Identification of risk stratifying glioblastoma cells in Dataset 1

RAPID was designed for datasets like Dataset 1, a pilot glioblastoma mass cytometry dataset including cells collected from 28 patients with isocitrate dehydrogenase (IDH) wild-type glioblastoma at the time of primary surgical resection (Supplementary file 3). This dataset is currently available online (https://flowrepository.org/id/FR-FCM-Z24K). The median PFS and overall survival (OS) after diagnosis were 6.3 and 13 months, respectively, typical of the trajectory of this disease (Stupp et al., 2005). Resected tissues were immediately dissociated into single cell suspensions as previously reported (Leelatian et al., 2017b) and the resulting cells were stained with a customized antibody panel, which was designed to capture the expression of known cell surface proteins, intracellular proteins, and phospho-signaling events (Supplementary file 4). Collectively, the antigens included in this panel positively identified >99% of viable single cells within any given tumor sample (see Materials and methods). To identify glioblastoma cells prior to RAPID, as in Figure 1a, a patient-specific t-SNE was created using 26 of the measured markers for the tumor and stromal cells from each patient’s tumor (Amir et al., 2013; Figure 1—figure supplement 1 and Supplementary file 4). Patient-specific t-SNE maps revealed non-glioblastoma populations of immune (CD45⁺) and endothelial (CD45^-CD31⁺) cells, consistent with prior mass cytometry and sequencing studies of gliomas (Diggins et al., 2017; Greenplate et al., 2019; Leelatian et al., 2017a; Neftel et al., 2019; Patel et al., 2014).

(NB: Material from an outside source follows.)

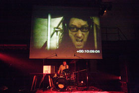 Vlaamse letteren Herman Brusselmans virtueel in zijn performance.
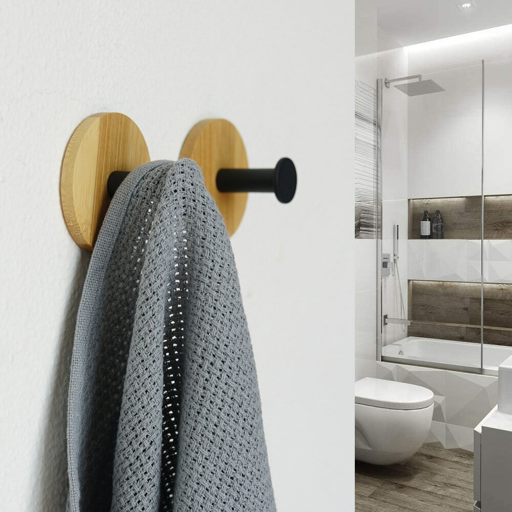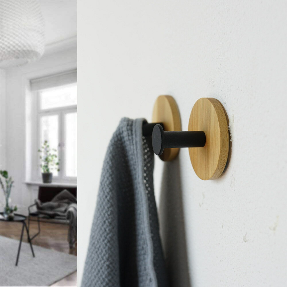 送料無料 ウォールフック 2個セット 木製 粘着シールフック インテリア 収納用品 シングルフック 粘着式 ラウンド スクエア 丸 四角 玄関 コート 帽子 寝室 小物 アクセサリー キッチン タオル おしゃれ シンプル 白 黒

Immune and endothelial cells from each individual patient were computationally excluded prior to subsequent downstream analysis (Figure 1, Figure 1—figure supplement 1), and CD45^-CD31^- cells were labeled as glioblastoma cells.

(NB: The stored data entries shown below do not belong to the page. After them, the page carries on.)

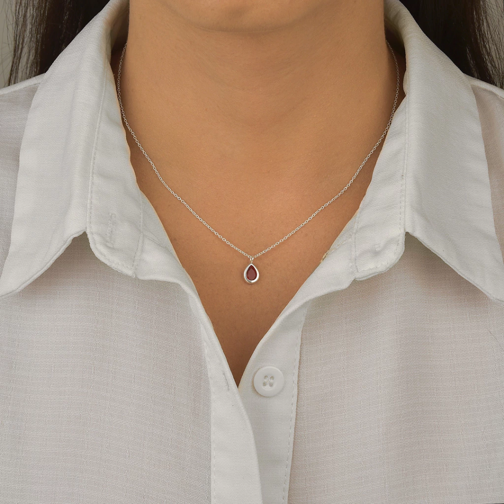 Gargantilha Ponto de Luz Gota Vermelho de Prata 925, esse produto usa corrente de prata veneziana, vem com Pingente Ponto de Luz Gota, que é composto por gota d'agua feito de pedra preso por uma borda de prata liso;
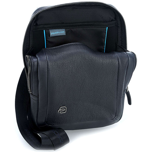 Кожаная сумка синего цвета с плечевым ремнем из коллекции Piquadro Blue Square. Имеет одно отделение..
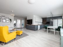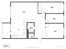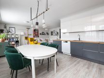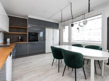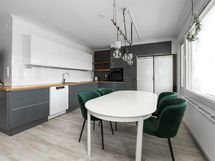 - Runsaat kaapistot, täyskorkea jääkaappi, täyskorkea pakastekaappi, induktioliesi, erillisuuni (uusittu 2019), aktiivihiilisuodatin, astianpesukone, työtasot puuta, seinät maalattu / laatoitus, lattia vinyyli.
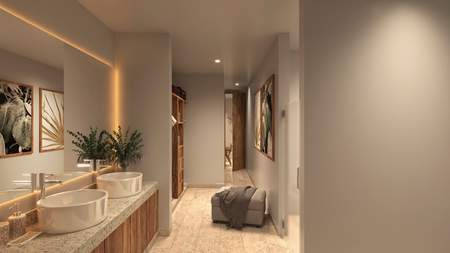 Muebles bajo cubierta en baños con madera triplay de caobilla.

Plots of cell density on the t-SNE axes revealed phenotypically distinct subpopulations of glioblastoma cells within a single patient’s tumor (example patient LC26: Figure 1—figure supplement 1, maps for all patients: Supplementary file 6) Intra-tumoral subsets were distinguished by differences in expression of core neural identity proteins and by aberrant co-expression of neural lineage and stem cell proteins. In the example case of tumor LC26, abnormal phenotypes in glioblastoma cells included co-expression of astrocytic S100B and stem-like CD133 or co-expression of markers associated with different molecular subtypes of glioblastoma, such as mesenchymal (CD44) and classical (EGFR) (Figure 1—figure supplement 1; Verhaak et al., 2010). These results with protein confirmed the existence of non-canonical cell types that had previously been observed in single-cell RNA-seq (Patel et al., 2014). The abnormal co-expression of identity proteins seen here, as well as previously reported single cell studies relying on inferred DNA alterations (Neftel et al., 2019), indicate that the large majority of the CD45^-CD31^- cells were likely cancer lineage cells.

Using an equal number of subsampled glioblastoma cells from each patient (see Materials and methods), a single, common t-SNE map was created to represent glioblastoma cell protein phenotypes across all patients (N = 131,880 cells; 4,710 cells x 28 patients, using 24 measured features). The RAPID algorithm, using the pooled data from all patients, identified 43 phenotypically distinct cell clusters, and then determined for each tumor whether a patient was high or low for a particular cluster using the interquartile range of abundance for that cluster. For example, for glioblastoma cluster 24, the interquartile range was 0.67% to 3.36%, resulting in a cut point of 2.69%. Those patients with ≤2.69% were designated ‘low’ for cluster 24 while those with >2.69% were assigned to the ‘high’ group. Additional cut points, based on splitting populations into quartiles or tertiles, were tested and resulted in consistent prognostic phenotypes (the average F-measure of patients being consistently assigned to the high, low, or neither categories identified below was 0.86). The number of tumors that contributed to each cluster varied between the 43 clusters, but a median of 8 tumors contained cells in each cluster (Supplementary file 2, Supplementary file 6). Furthermore, each cluster contained cells from at least 4 tumors and, at the median, contained cells from 12 tumors (Supplementary file 5, Supplementary file 6).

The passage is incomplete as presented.